It has been a long time since Thomas
Wilfred recognized light as an art medium.
One would like to be able to say that a
great deal has happened since then,
but that's not the case. Light is still
explored as an art form, rarely utilized more
significantly than as innovation. While the
sophistication of new techniques has made
possible more satisfying uses of the
medium, in general we owe thanks
for this more to Kodak than to individual
artists.
Two exceptions are Jackie Cassen and
Rudi Stern, who have extended the use of
light into new areas, demonstrating its
validity as an art medium. Attributing the
success of these two to their artistic
maturation is to state a half-truth. Success
has come only with the maturation of their
audience. If their early work was received
by the young, the turned on, and the hip,
it was only because the more sophisticated
art audiences were unprepared to accept
something which had thus far eluded the
charge of the critic brigade. It's a long
way from a program on DMT in the
East Village to the main gallery of the
Architectural League; but it is a route
travelled by artists because of audiences.

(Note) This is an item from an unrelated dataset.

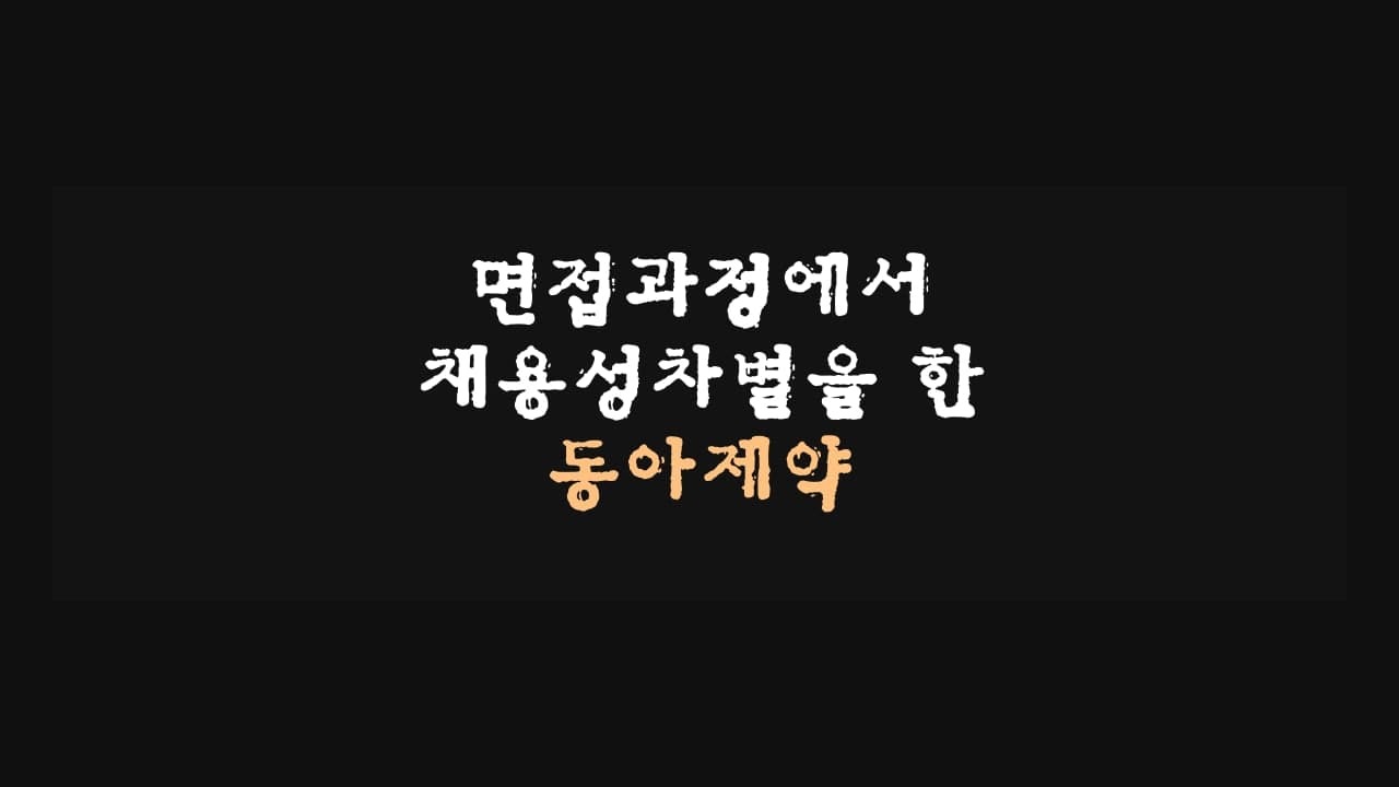 2020년 동아제약 신입사원 채용 면접 과정에서 여성 지원자에게 성차별적 질문을 한 사실이 2021년 3월 초 온라인에서 당사자의 글을 통해 밝혀졌다. 당시 면접관이었던 동아제약 인사팀장은 해당 면접에서 여성 지원자에게 “여성은 군대에 가지 않으니 남성보다 월급을 적게 받는 데에 동의하느냐”, “군대에 갈 생각이 있느냐”는 질문을 하였다. 이 사실이 알려지자 시민들은 공분하며 동아제약 상품 불매운동을 일으켰다. 이를 의식한 동아제약은 사과문을 냈지만, 해당 질문을 성차별적 질문으로 인정하지 않고 ‘성차별적 오해’를 야기했다는 변명으로 일축하며 조직 차원의 문제가 아닌 개인의 일탈로 축소하는 행태를 보였다. 이에 시민사회단체들의 연대체인 채용성차별철폐공동행동은 3월 15일 공식 사과와 재발 방지 대책 수립을 요구하는 기자회견을 개최하고 공개의견서를 동아제약에 전달하였다. 일주일 후 동아제약은 공식 사과문을 발표했으나 여전히 여성노동자에 대한 성차별이라는 점을 인정하지 않은 채 청년에게 발생한 차별로 언급하는 등 문제의 본질을 회피하고 책임지지 않으려는 자세를 보였다. 사건 발생 후 1년이 넘은 지금까지도 동아제약은 채용성차별 방지를 위한 어떠한 구체적인 대안도 발표하지 않고 있다.

Jackie Cassen and Rudi Stern are the
creators of the techniques that are becoming
increasingly familiar: slide projections,
moving sculpture used for light effects,
total-environment art, and an ambiguous
hesitancy between art and design. The
Electric Circus may now be the place to go,
but it is so only because Cassen and
Stern created, with the Trips Festival at
the same location, and with the visuals for
the Cheetah, the techniques which
transformed these ballrooms into
discotheques. Soaps, bathtubs, and
toothpaste are now sold by light projection
techniques innovated by Cassen and Stern
in their commercial publicity work
for Best & Co., and their industrial
exhibits for Dutch Masters and Simplicity
Patterns, among others, and their promotion
of Antonioni's "Blow Up." They have
moved light from California to Boston, from
Tim Leary's hippie haven to the White
House, and they have travelled only
where they have been welcomed.
Cassen and Stern, with their new
perceptions, are no strangers to tradition.